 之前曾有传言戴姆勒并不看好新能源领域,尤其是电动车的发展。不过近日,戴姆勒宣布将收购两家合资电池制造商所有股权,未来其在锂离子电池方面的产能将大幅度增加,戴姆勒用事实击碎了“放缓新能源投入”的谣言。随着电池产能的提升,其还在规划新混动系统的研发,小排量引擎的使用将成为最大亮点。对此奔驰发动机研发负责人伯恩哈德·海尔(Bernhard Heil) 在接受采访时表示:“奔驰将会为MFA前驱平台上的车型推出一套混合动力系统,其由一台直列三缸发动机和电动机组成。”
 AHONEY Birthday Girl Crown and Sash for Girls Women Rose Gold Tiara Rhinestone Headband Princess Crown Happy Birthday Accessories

...

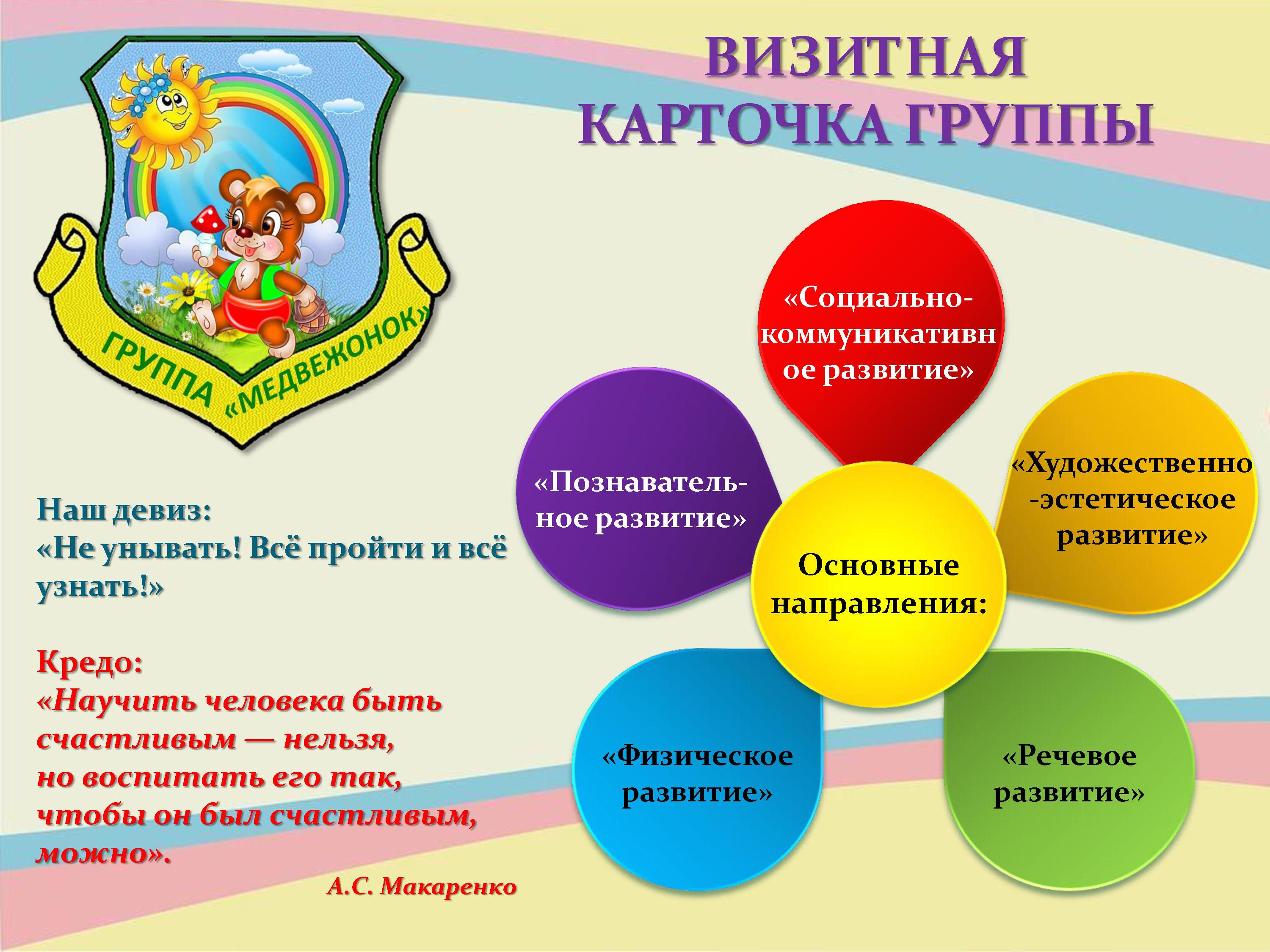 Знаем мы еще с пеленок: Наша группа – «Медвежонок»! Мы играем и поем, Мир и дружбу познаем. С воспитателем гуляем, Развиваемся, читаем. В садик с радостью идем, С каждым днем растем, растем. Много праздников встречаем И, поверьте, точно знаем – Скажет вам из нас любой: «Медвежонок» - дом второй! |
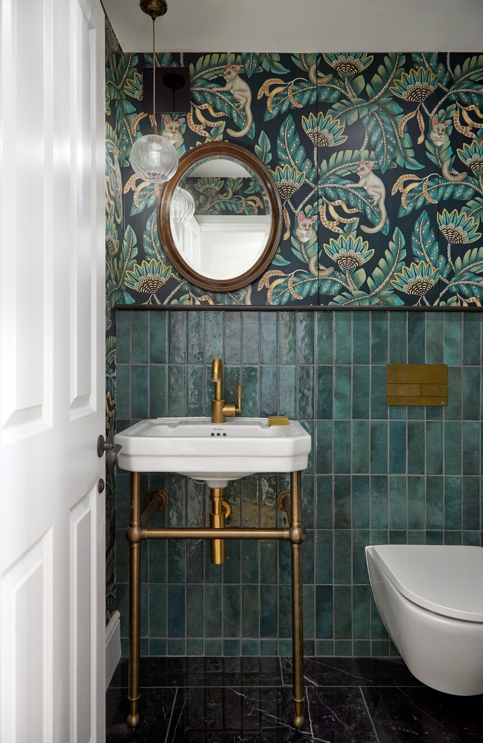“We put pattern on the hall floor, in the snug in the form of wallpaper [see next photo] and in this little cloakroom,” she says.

** TASK **
Range to print from the listing above: from the line with "Знаем мы еще" up to and including the line with "put pattern on". Please print those lines exactly, with no pictures and nothing more.

** SOLUTION **
 Знаем мы еще с пеленок: Наша группа – «Медвежонок»! Мы играем и поем, Мир и дружбу познаем. С воспитателем гуляем, Развиваемся, читаем. В садик с радостью идем, С каждым днем растем, растем. Много праздников встречаем И, поверьте, точно знаем – Скажет вам из нас любой: «Медвежонок» - дом второй! |
“We put pattern on the hall floor, in the snug in the form of wallpaper [see next photo] and in this little cloakroom,” she says.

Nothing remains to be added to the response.